Structure deposition
The crystallographic models of the Dbf2(NTR)-Mob1, Cbk1(NTR)-Mob2 and the revised Cbk1-Mob2-pepSsd1 complexes have been deposited in the Protein Data Bank with accession codes: 5NCN, 5NCM and 5NCL, respectively.
Funding
This work was supported by the National Institute of Health [grant number 5R01GM084223-08]. A.R. is the recipient of the Lendület grant from the Hungarian Academy of Sciences (LP2013-57). The work was also supported by a grant from the Hungarian Research Fund (OTKA NN 114309). The content is solely the responsibility of the authors and does not necessarily represent the official views of the National Institutes of Health.
We acknowledge staff and instrumentation support from the Structural Biology Facility at Northwestern University, the Robert H Lurie Comprehensive Cancer Center of Northwestern University and NCI CCSG P30 CA060553.
This research used resources of the Advanced Photon Source, a U.S. Department of Energy (DOE) Office of Science User Facility operated for the DOE Office of Science by Argonne National Laboratory under Contract No.
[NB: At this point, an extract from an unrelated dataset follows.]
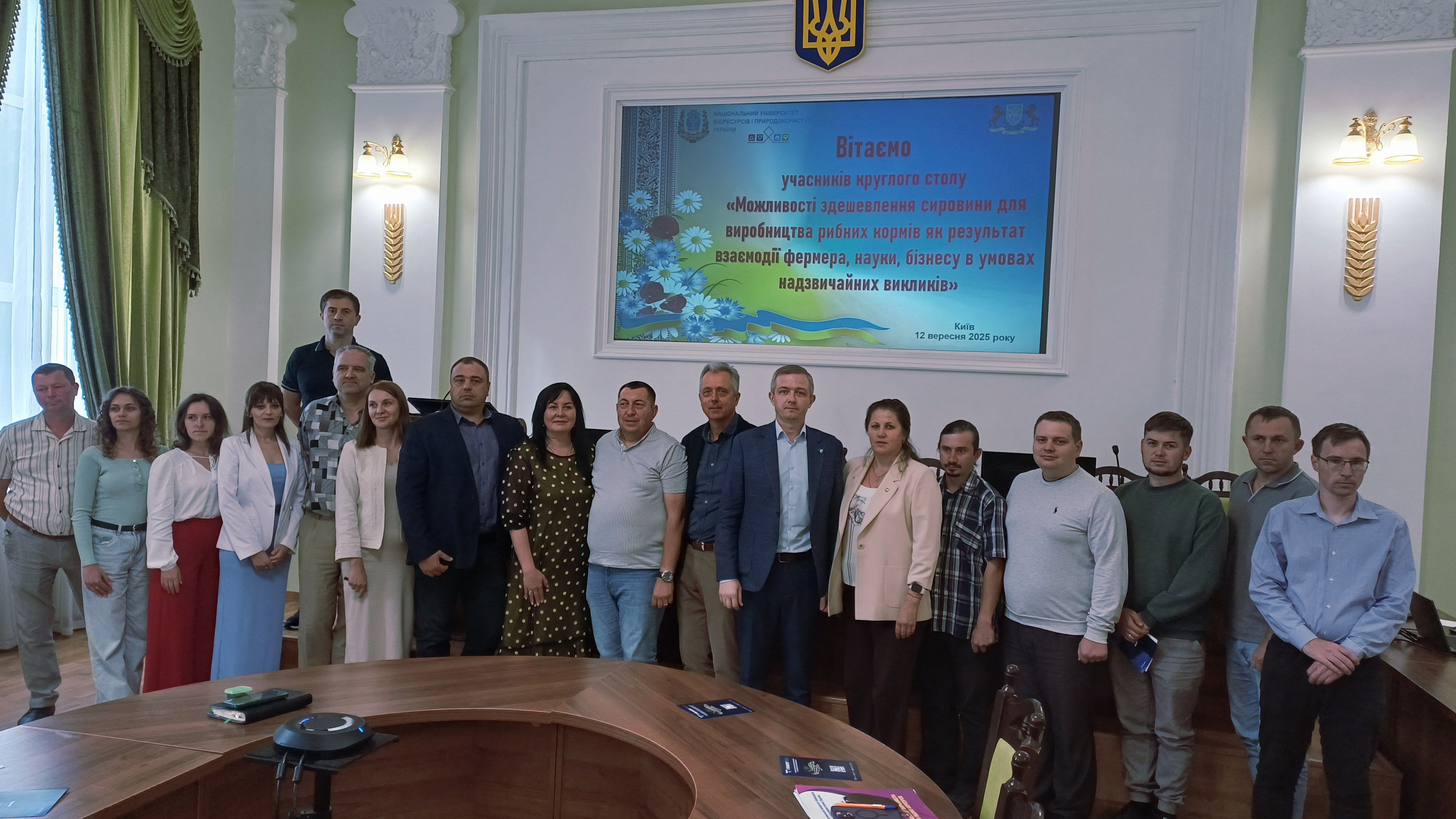 12 вересня 2025 року в Національному університеті біоресурсів і природокористування України відбувся круглий стіл на тему: «Можливості здешевлення сировини для виробництва рибних кормів як результат взаємодії фермера, науки, бізнесу в умовах надзвичайних викликів». Захід присвячений шляхам оптимізації вартості сировини для виробництва рибних кормів як результат взаємодії фермера, науки, бізнесу в умовах надзвичайних викликів. Сьогодні важливим є стимулювання навчання молодих спеціалістів та їх залучення до роботи в рибному господарстві галузі, щоб забезпечити її розвиток у майбутньому. Голова Держрибагентства Ігор Клименок у рамках круглого столу поспілкувався зі студентами, науковцями, представниками бізнесу та фермерських господарств.

DE-AC02-06CH11357. Use of the LS-CAT Sector 21 was supported by the Michigan Economic Development Corporation and the Michigan Technology Tri-Corridor (Grant 085P1000817).
Author Contribution
Eric Weiss conceived this study analyzed data and wrote the manuscript. Attila Reményi analyzed data and wrote the manuscript. Gergő Gógl collected and processed X-ray data, Csaba Hetényi and Mónika Bálint performed MD simulations. Benjamin Parker performed protein biochemistry, collected X-ray data, and wrote the manuscript.
Competing Interests
The authors declare no competing interests.
Acknowledgments
We thank Kyle Schneider for the Cbk1-Mob2 expression plasmids. We thank Jonathan Hsu for the bi-cistronic plasmid backbone. We acknowledge a grant of computer time from CSCS Swiss National Supercomputing Centre, and NIIF Hungarian National Information Infrastructure Development Institute.